The calculus has shifted. The risk of keeping software with a known vulnerability, especially when that vulnerability can now be found and exploited faster and more cheaply than ever, outweighs the risk of dealing with whatever minor annoyances a new version might introduce. The downside of a buggy update is inconvenience. The downside of an unpatched vulnerability, in a world where exploit-finding is becoming increasingly accessible, is something much worse: potential access to your files, your accounts, your financial information, and your medical records. Think about how much of your life your software touches. Even if you wanted to opt out of all of it, you couldn’t.

My advice is simple, and this applies to your operating system, your web browser, your apps, everything:

• When a software update includes security fixes, update promptly.
• If you’re not sure whether a given update includes security fixes, seriously consider updating anyway.
• Enable automatic updates where you’re comfortable doing so.
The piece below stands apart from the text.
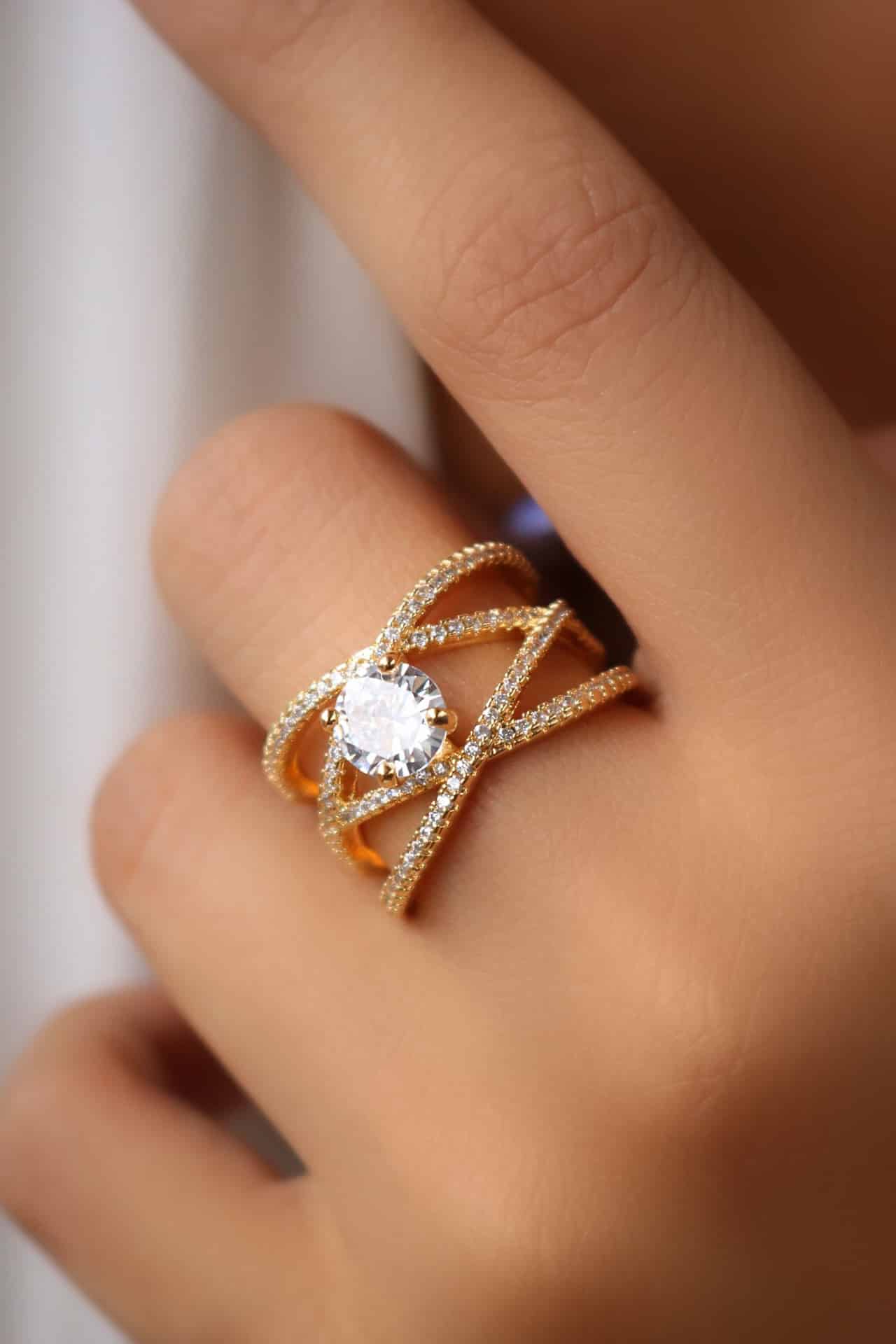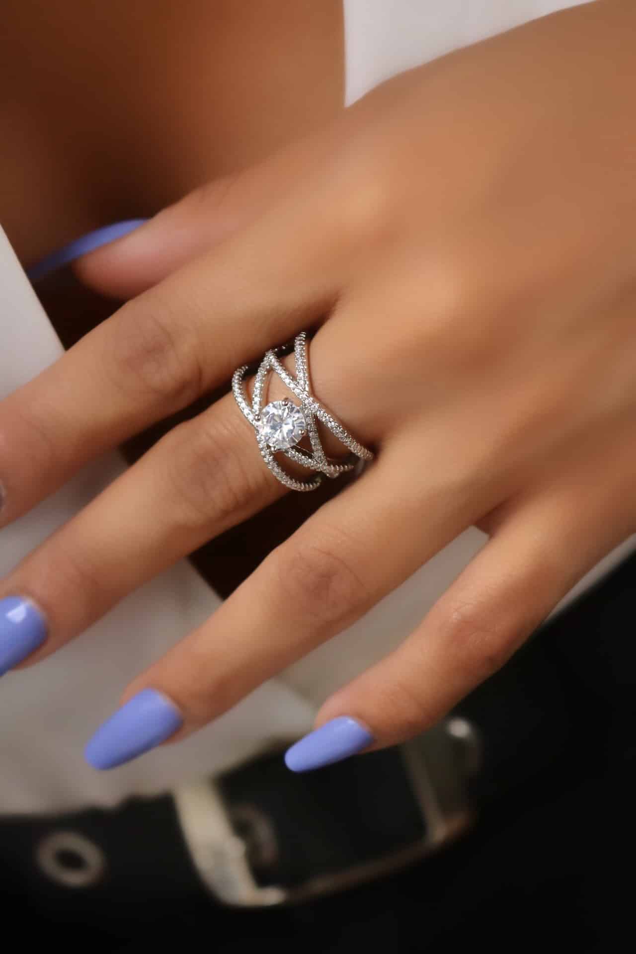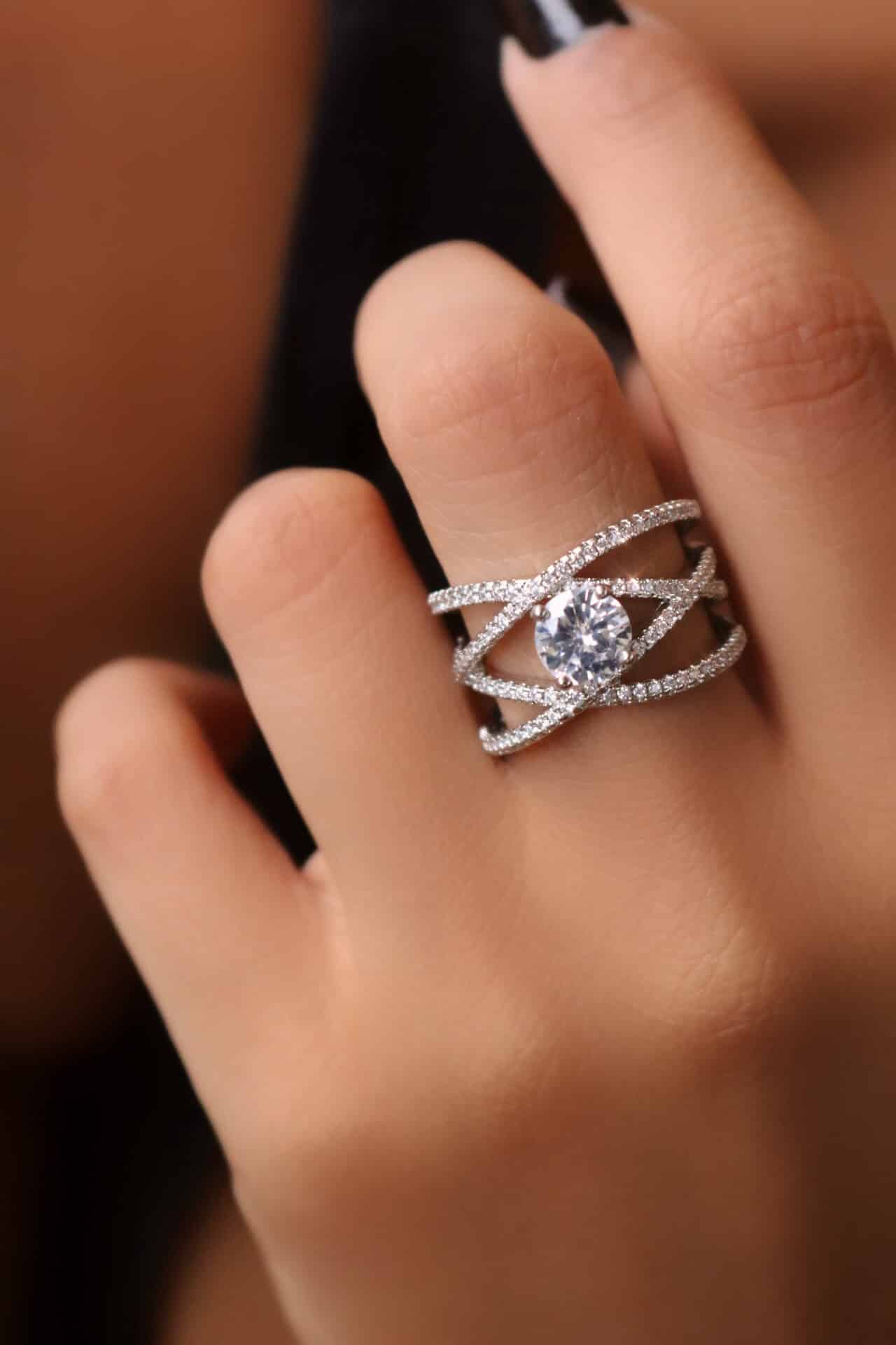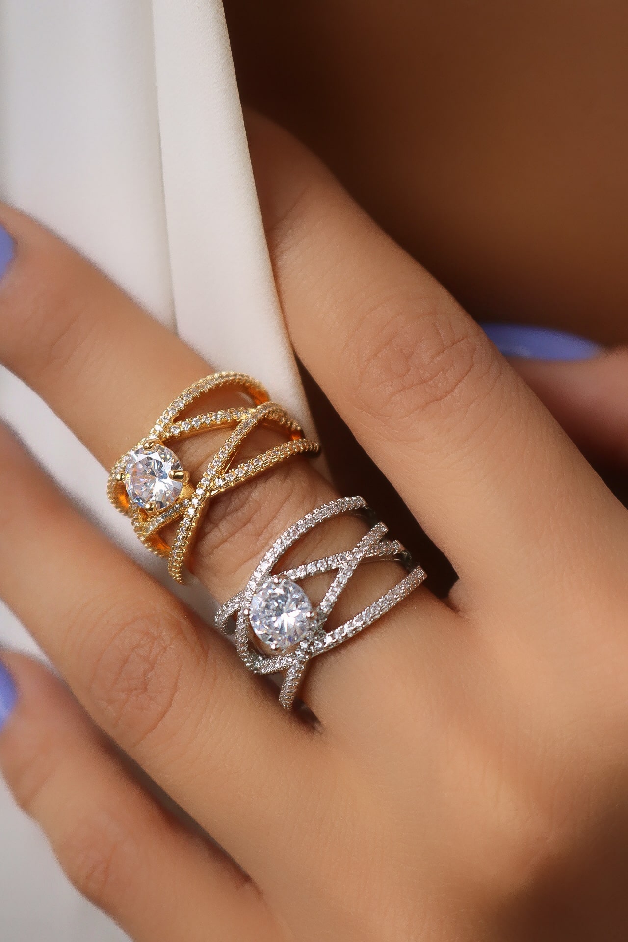 ANEL ZIRCONIA FAIXAS CRUZADAS COM PONTO DE LUZ MEDIO

If you help anyone else with their devices, this is worth a gentle push. Every time I sit down with someone to help them with something and I notice Chrome is running three versions behind, I ask if I can update it right then. I used to see it as a nice-to-do. Now it feels more urgent than that.

Where this goes from here is uncertain. We’re in a period where the tools to find and exploit vulnerabilities are advancing faster than most software can be patched. Anthropic’s Project Glasswing is an acknowledgment of that gap, and a genuine effort to use the same capability defensively before the offensive version spreads further. Whether the rest of the industry coordinates around this responsibly is an open question. Right now, the competitive dynamics of the AI space don’t exactly reward slowdowns for collective safety.

What makes me cautiously hopeful, however, is that the capability cuts both ways. If AI tools for finding and fixing vulnerabilities become accessible to developers at every scale, the long-term outcome could actually be more secure software than we’ve ever had. The care that independent developers bring to their work, combined with tools that can help them find what they’d otherwise miss, is a genuinely promising combination. Anthropic’s own write-up on this ends with a call to action for the security community, framing it as a moment like the launch of post-quantum cryptography work in 2016 (preparing for the day quantum computers could break today’s encryption, years before that was an immediate threat), preparing for what’s coming rather than reacting to it.

We just need to get there first. In the meantime: update your damn software.